Lord Geidt has gone to more in detail about why he left, giving more secure account of why he stepped down as ethics adviser to Boris Johnson.
In a letter to the chairman of the Select Committee on Constitutional Affairs, William Wragg, Lord Geidt said that he “could not be party advise on potential violation of the law.
He admitted his resignation letter perhaps he was too careful.
In a letter to Mr. Wragg, Lord Geidt explained that on Steel tariffs reason for his departure by others is a “distraction”.
“Since my letter of resignation was made public yesterday there was some confusion about the exact cause of my decision,” he said.
“My letter has been interpreted to suggest that an important issue of the principle was limited by some narrow and technical considerations of steel rates.
“Careful language of my letter may failed adequately explain the much broader scope of my objection.
Lord Geidt continued: “Accent on the question of steel tariffs is a distraction.
“It was easy one example of what else could constitute intentional violations by the United Kingdom of its obligations under international law, given the government’s widely publicized openness to it.”

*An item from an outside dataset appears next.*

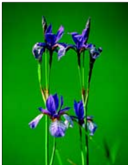
Abb. 20: Die prachtvolle Sibirische Schwertlilie ( Iris sibirica ) ist eine der prominentesten „Abgängigen“ - nicht nur um Reichersberg!
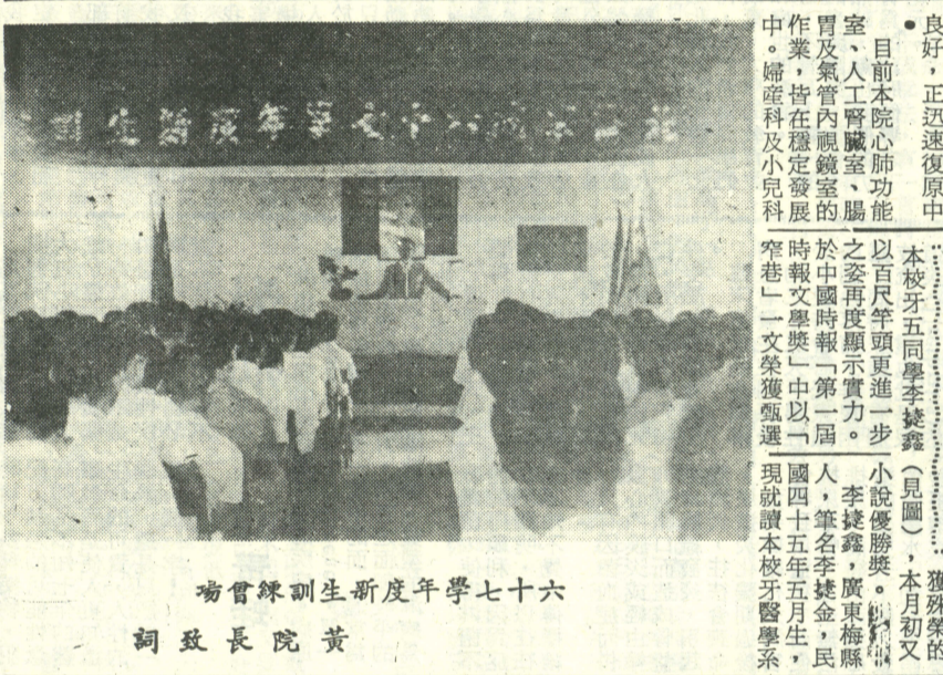
黃院長致詞 七十六學年度新生訓練會場

He concluded by saying that “the conscious of my own obligations according to the seven principles of Public life (including honesty), I couldn’t be party advise on any potential violation of the law.”
Lord Geidt unexpectedly resigned on Wednesday evening in Letter to the prime minister.
Prior to standing down, Lord Geidt admitted earlier this week that he was considering resigning. over Mr Johnson’s response to his party okay for violation COVID-19 rules.
Explaining why he was leaving, Lord Geidt said prime minister he considered “very small margin” what was it possible “continue to work reliably as an independent advisor” after partygate.
In a letter, Lord Geidt said that this week he was asked to offer view on “measures that risk intentional and purposeful violation of ministerial code.
“This request made me in impossible and odious position,” he said.
“The idea that prime minister may be to some extent in in business of intentionally violating one’s own code is an insult.”
Letters from Lord Geidt and Boris Johnson in full
Lord Geidt said that even the intention to deliberately violate the ministerial code “would suspend the provisions of a code that meets political goals”.
He added: “That would make a mockery of not only of respect for code but license suspension of its provisions in regulatory behavior of Ministers of Her Majesty.
“I can’t have parts in this is.”
Mr Johnson said in reply that the letter “came as a surprise” after the adviser told him on Monday that he was happy to stay on to end of in year.
After Lord Geidt left, Johnson said he would “thoroughly consider” whether to hire new ethics advisor.
Lord Geidt’s departure came after his predecessor Sir Alex Allan stepped down. in 2020. Labor described it as “a sign of shame” for in government.